▶ [Work required] Wherever the line that contains "Av: Naturalistisch wiedergegebener" falls, repeat it and the lines after it exactly until the records end, without any pictures.

[Dataset records]
##########

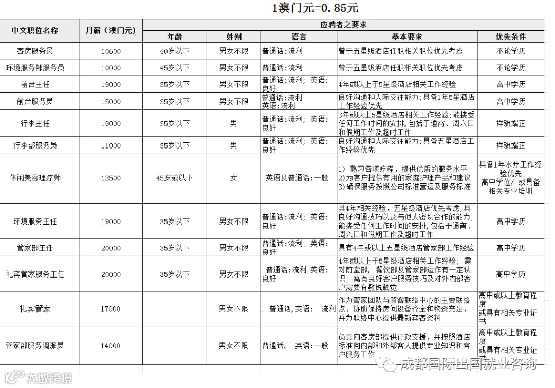 招聘职位:房务员、前台服务员、前台主任、行李生、行李主任、休闲美容理疗师、环境服务主任、管家部主任、礼宾管家、礼宾管家服务主任、管家部服务调派员
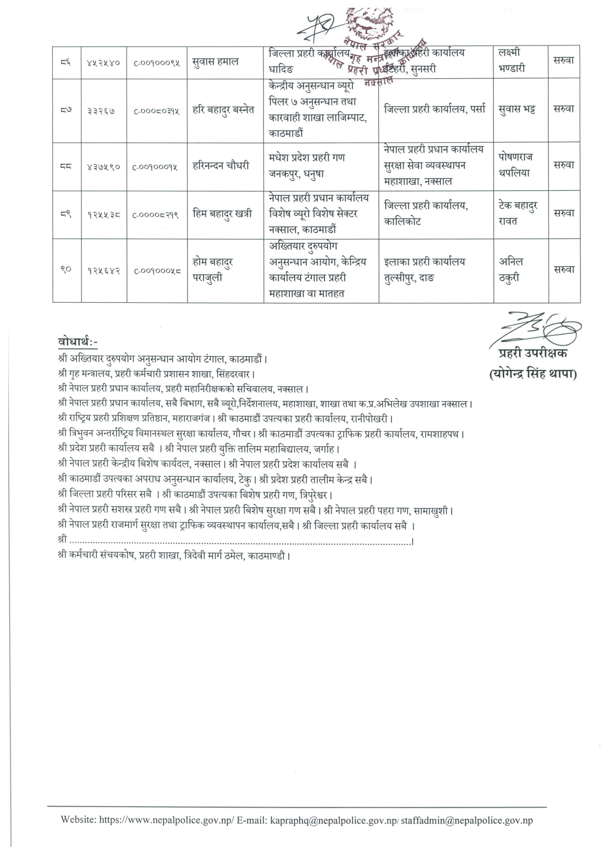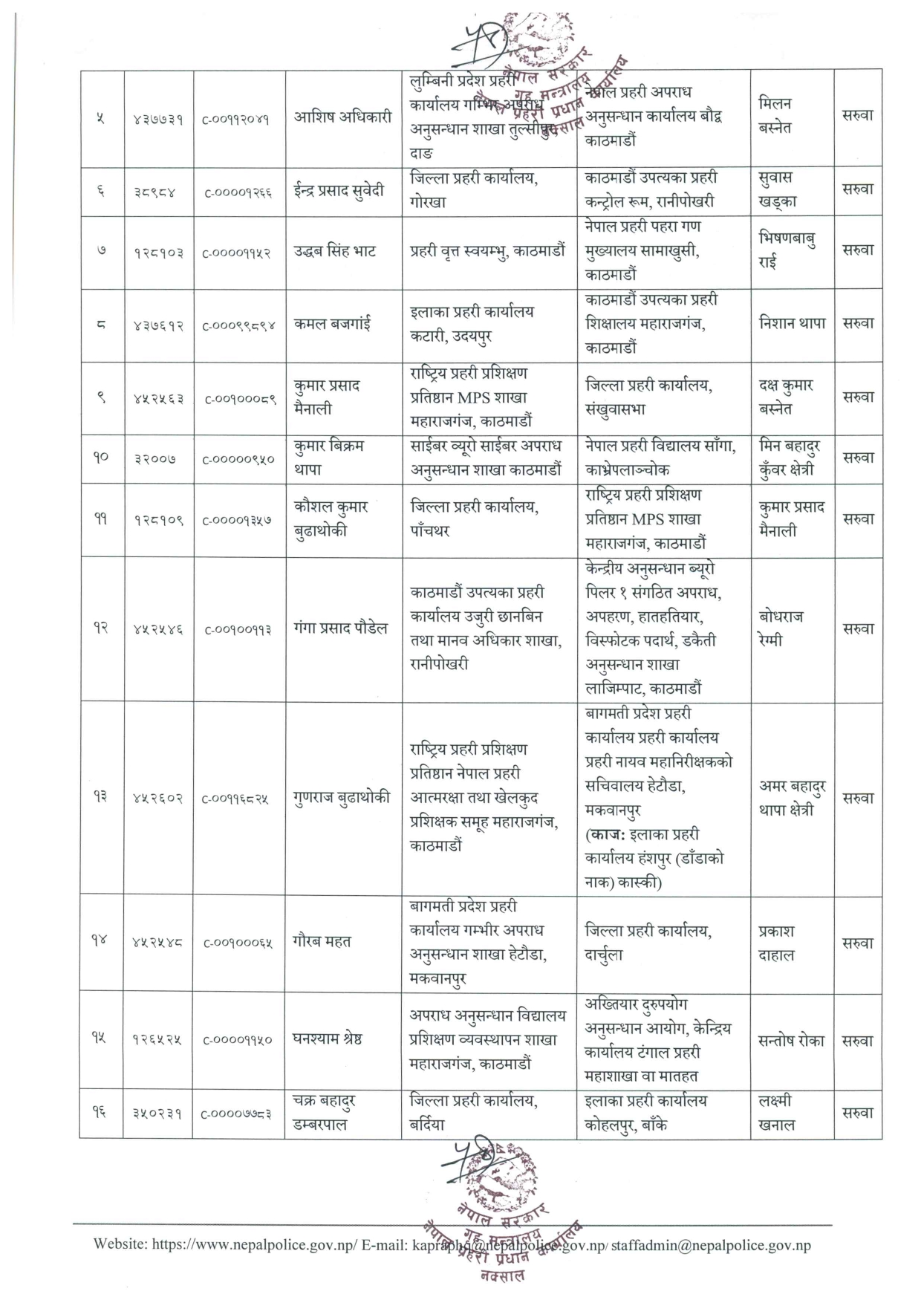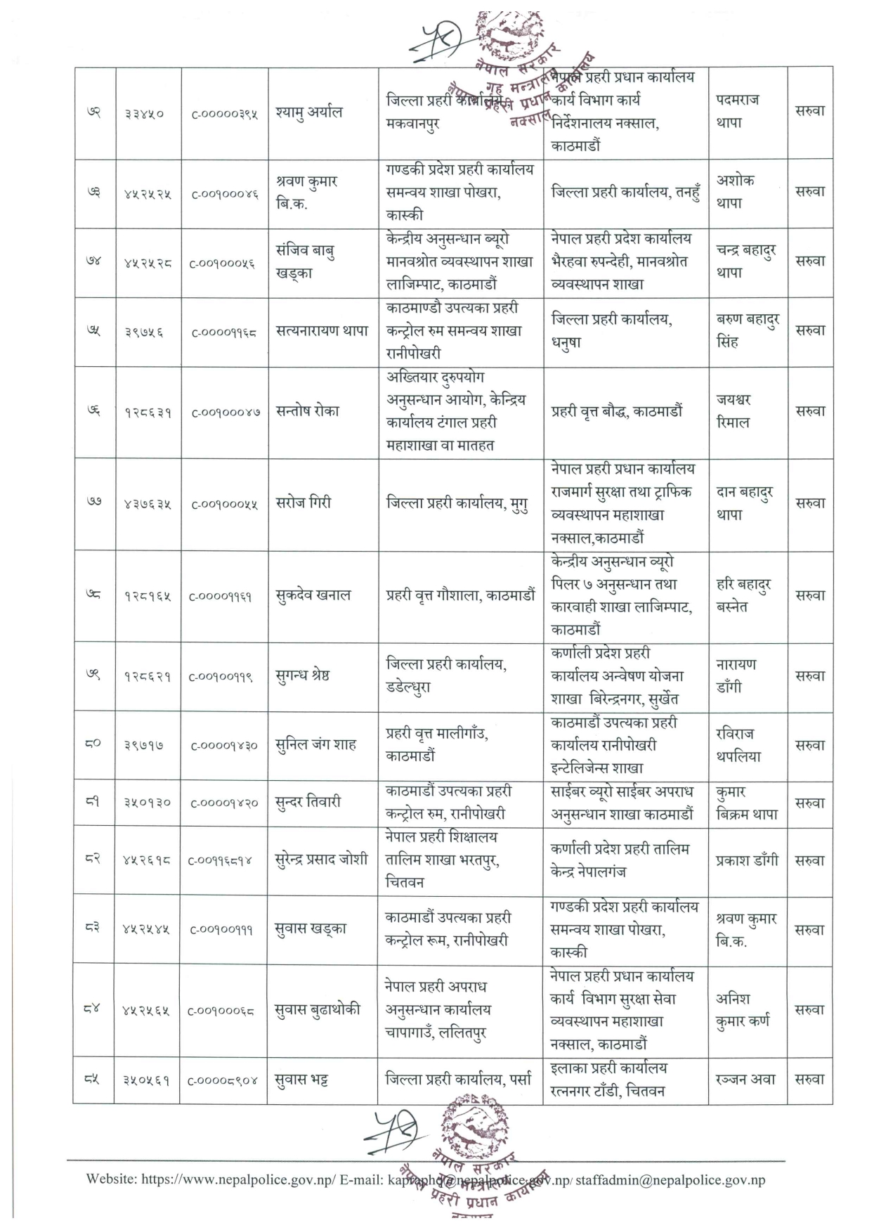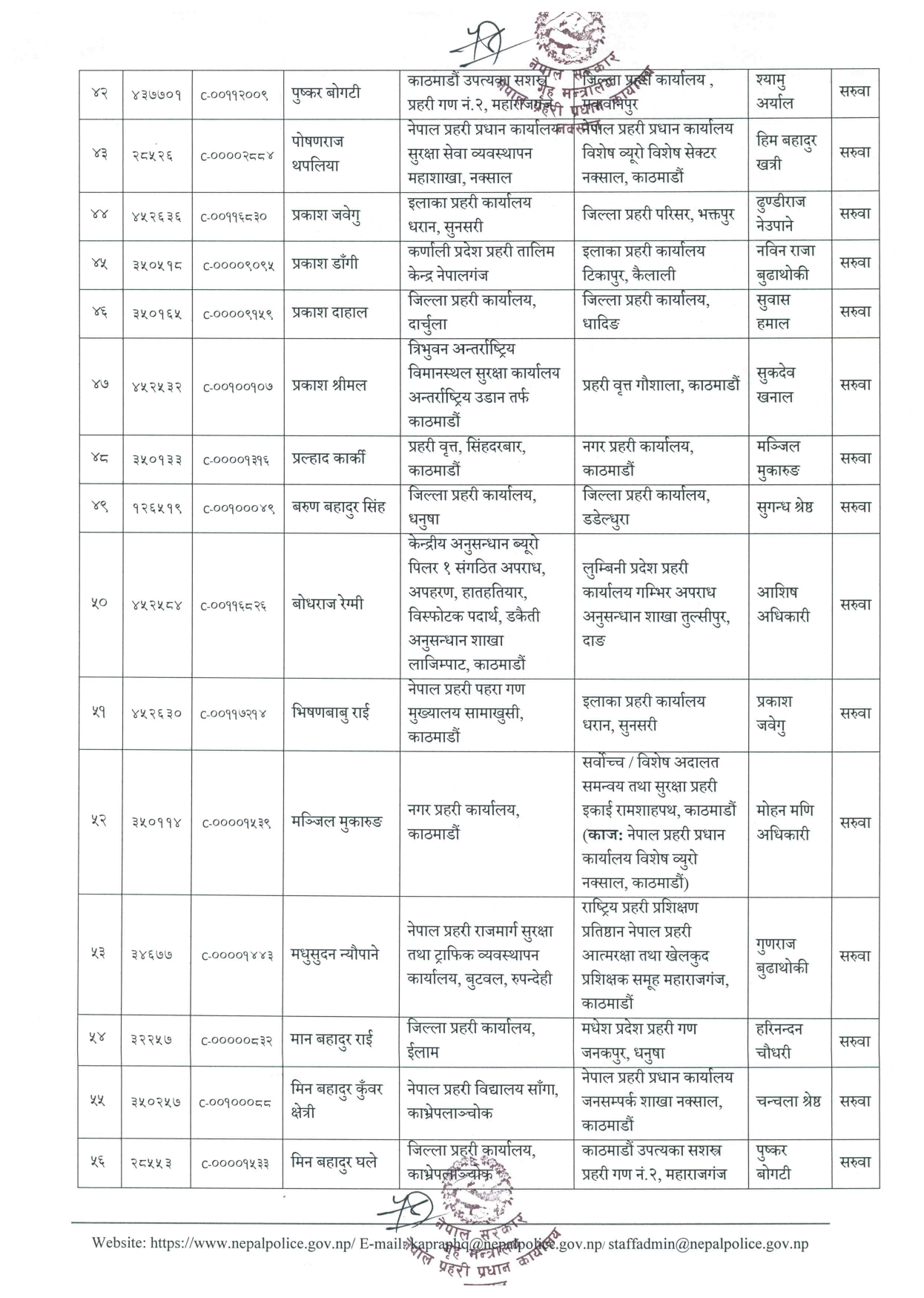 सरुवा हुनेहरूमा काठमाडौँ उपत्यकाका बृत्तसहित विभिन्न कार्यालय र जिल्लाहरू छन् । केही जिल्लामा, इलाकामा र वृत्तमा इन्चार्ज हेरफेर भएका छन् ।
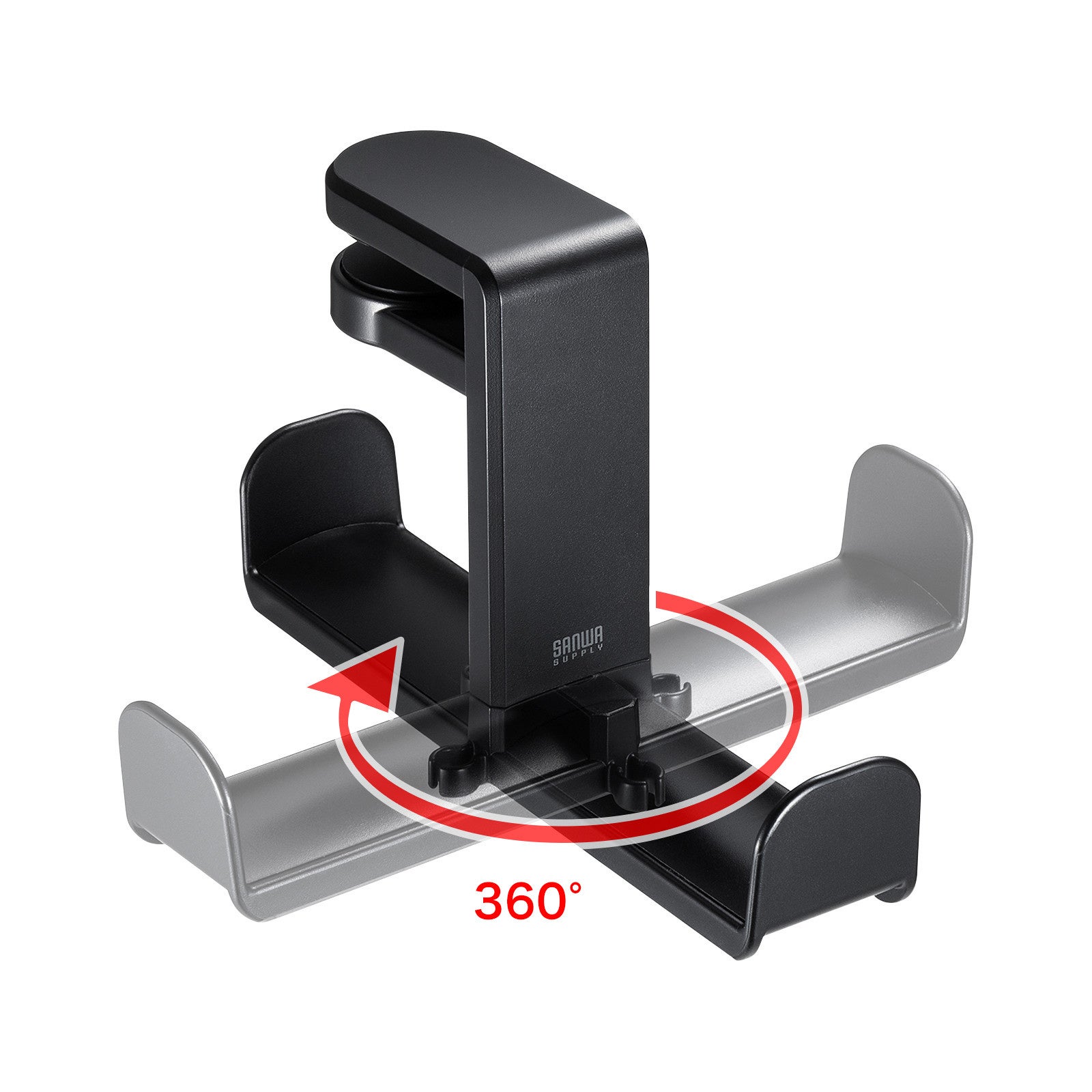 挟むだけで簡単に取り付けできる、2台収納可能なヘッドホンフックを発売
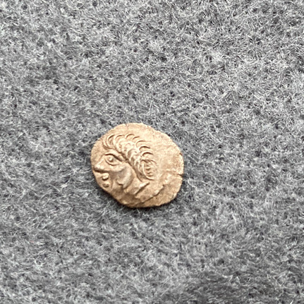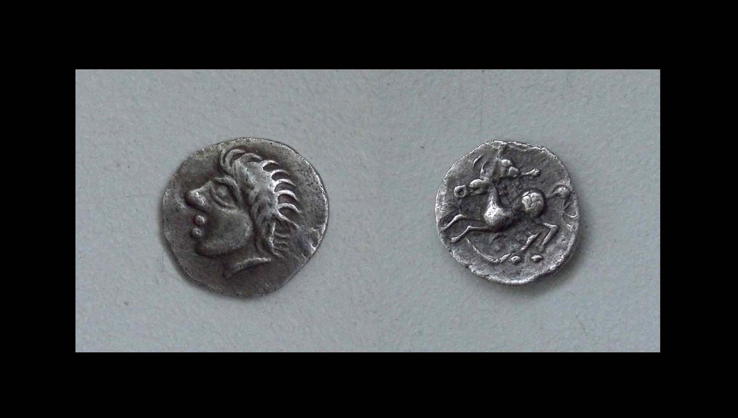 Av: Naturalistisch wiedergegebener Kopf links mit gewelltem Haar, mandelförmigem Auge, Doppelpunktmund und gewölbtem Halsabschnitt (Torques?).
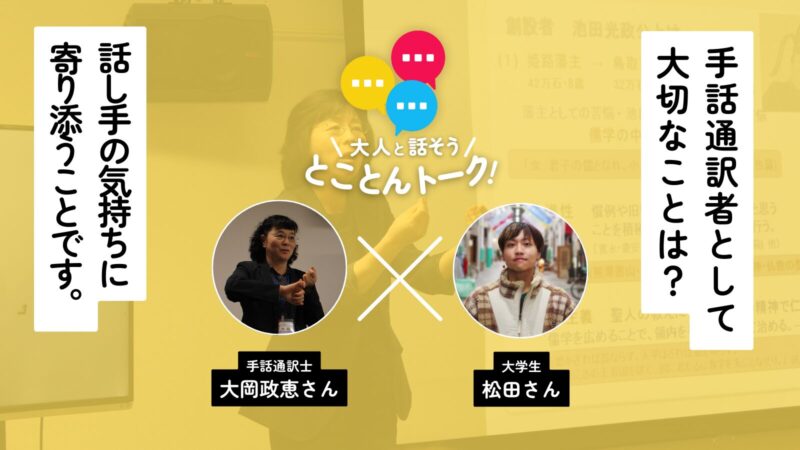 手話学習者から手話通訳者へ、そして手話通訳士へと研鑽(けんさん)を重ねながら手話通訳を仕事とする大岡さんは、どんなことを語ってくれたのでしょうか。手話の世界が少しだけ近くなる、とことんトークです。

##########

▶ [Result of the exercise]
 Av: Naturalistisch wiedergegebener Kopf links mit gewelltem Haar, mandelförmigem Auge, Doppelpunktmund und gewölbtem Halsabschnitt (Torques?).
 手話学習者から手話通訳者へ、そして手話通訳士へと研鑽(けんさん)を重ねながら手話通訳を仕事とする大岡さんは、どんなことを語ってくれたのでしょうか。手話の世界が少しだけ近くなる、とことんトークです。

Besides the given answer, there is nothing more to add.